## Your objective
Only the lines below between the ones containing "a healthy Monstera" and "Frigideira Grelha Churrasco", inclusive, are to be reproduced, each exactly as it stands.

## Supplied information
---*---
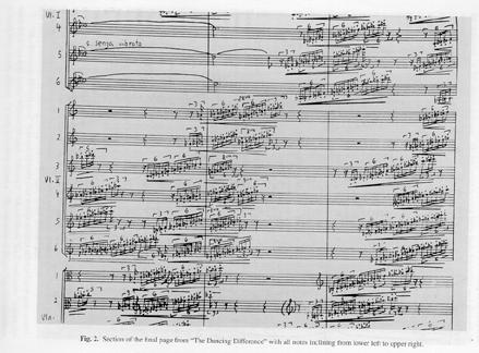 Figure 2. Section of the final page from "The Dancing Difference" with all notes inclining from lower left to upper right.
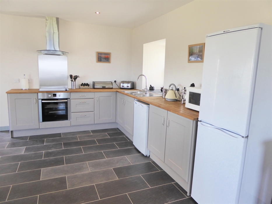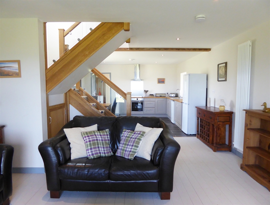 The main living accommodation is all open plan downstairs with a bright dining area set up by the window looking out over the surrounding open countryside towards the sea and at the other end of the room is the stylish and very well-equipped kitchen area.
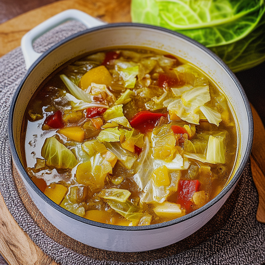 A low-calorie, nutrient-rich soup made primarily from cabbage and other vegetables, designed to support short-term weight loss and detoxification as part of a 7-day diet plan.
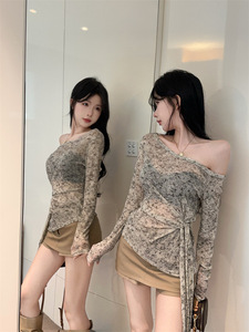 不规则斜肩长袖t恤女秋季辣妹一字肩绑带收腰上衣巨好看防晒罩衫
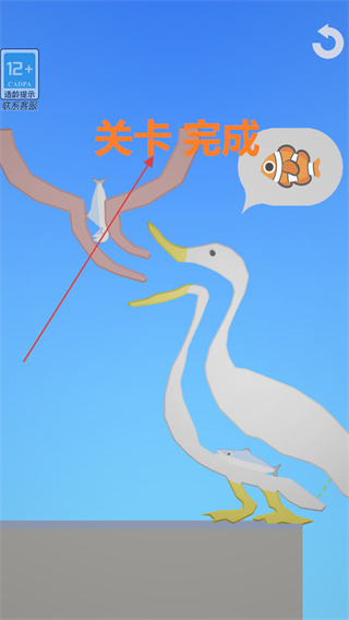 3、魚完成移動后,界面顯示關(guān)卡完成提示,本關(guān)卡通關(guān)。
---*---
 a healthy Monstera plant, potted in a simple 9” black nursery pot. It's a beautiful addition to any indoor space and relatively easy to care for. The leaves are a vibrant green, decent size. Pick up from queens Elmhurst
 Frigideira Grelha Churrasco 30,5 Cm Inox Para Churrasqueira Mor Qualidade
---*---
## Written reply
 a healthy Monstera plant, potted in a simple 9” black nursery pot. It's a beautiful addition to any indoor space and relatively easy to care for. The leaves are a vibrant green, decent size. Pick up from queens Elmhurst
 Frigideira Grelha Churrasco 30,5 Cm Inox Para Churrasqueira Mor Qualidade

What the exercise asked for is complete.